──────── Source material

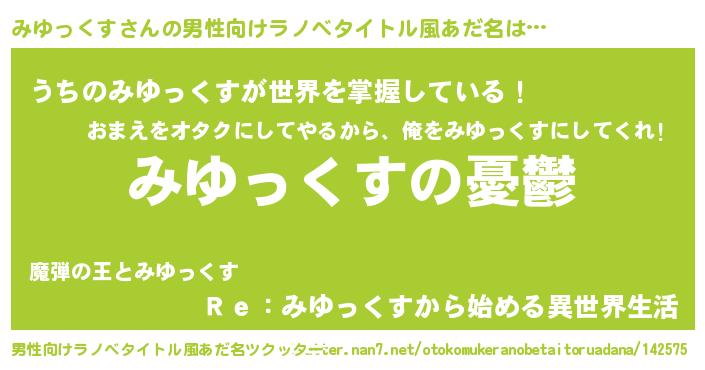 | 女子向けラノベタイトル風あだ名 | 『みゆっくす姫と円卓の騎士』 |
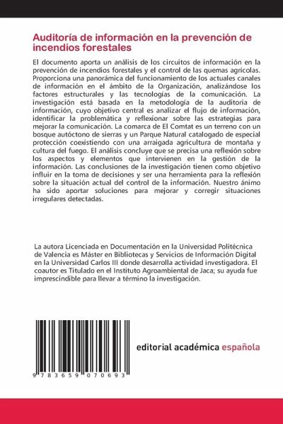 El documento aporta un análisis de los circuitos de información en la prevención de incendios forestales y el control de las quemas agrícolas. Proporciona una panorámica del funcionamiento de los actuales canales de información en el ámbito de la Organización, analizándose los factores estructurales y las tecnologías de la comunicación. La investigación está basada en la metodología de la auditoria de información, cuyo objetivo central es analizar el flujo de información, identificar la problemática y reflexionar sobre las estrategias para mejorar la comunicación. La comarca de El Comtat es un terreno con un bosque autóctono de sierras y un Parque Natural catalogado de especial protección coexistiendo con una arraigada agricultura de montaña y cultura del fuego. El análisis concluye que se precisa una reflexión sobre los aspectos y elementos que intervienen en la gestión de la información. Las conclusiones de la investigación tienen como objetivo influir en la toma de decisiones y ser una herramienta para la reflexión sobre la situación actual del control de la información. Nuestro ánimo ha sido aportar soluciones para mejorar y corregir situaciones irregulares detectadas.
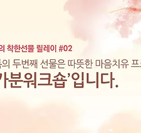 [이벤트] 힐링톡의 착한선물 릴레이#2 - 홀가분워크숍 참가권 선물 ‘홀가분워크숍 편’이란? 사람이라면 누구나, 살다보면 반복적으로 경험하는 감정적인 어려움, 곤란함이 있기 마련입니다. 홀가분워크숍 ‘나’편은 이런 반복의 근원을 찾아가는 감정치유 워크숍입니다. '홀가분워크숍 편' 소개 바로가기 '홀가분워크숍 편' 참여 현장보기 이벤트 참여 방법 안내 1. 본 게시물에 댓글로 ‘홀가분’한 경험을, 구체적 상황을 제시하여 5줄 이내로 남기면 됩니다. 2. 등록한 댓글은 이벤트 후기에 내용이 공개됩니다. 더보기 이전 1 ··· 1009 1010 1011 1012 1013 1014 1015 ··· 1128 다음

────────────────

■ **Problem requirements**:
Pictures aside, repeat exactly every line from the top of the listing above through the line bearing "El documento aporta", inclusive.

■ **Result of this task**:
 | 女子向けラノベタイトル風あだ名 | 『みゆっくす姫と円卓の騎士』 |
 El documento aporta un análisis de los circuitos de información en la prevención de incendios forestales y el control de las quemas agrícolas. Proporciona una panorámica del funcionamiento de los actuales canales de información en el ámbito de la Organización, analizándose los factores estructurales y las tecnologías de la comunicación. La investigación está basada en la metodología de la auditoria de información, cuyo objetivo central es analizar el flujo de información, identificar la problemática y reflexionar sobre las estrategias para mejorar la comunicación. La comarca de El Comtat es un terreno con un bosque autóctono de sierras y un Parque Natural catalogado de especial protección coexistiendo con una arraigada agricultura de montaña y cultura del fuego. El análisis concluye que se precisa una reflexión sobre los aspectos y elementos que intervienen en la gestión de la información. Las conclusiones de la investigación tienen como objetivo influir en la toma de decisiones y ser una herramienta para la reflexión sobre la situación actual del control de la información. Nuestro ánimo ha sido aportar soluciones para mejorar y corregir situaciones irregulares detectadas.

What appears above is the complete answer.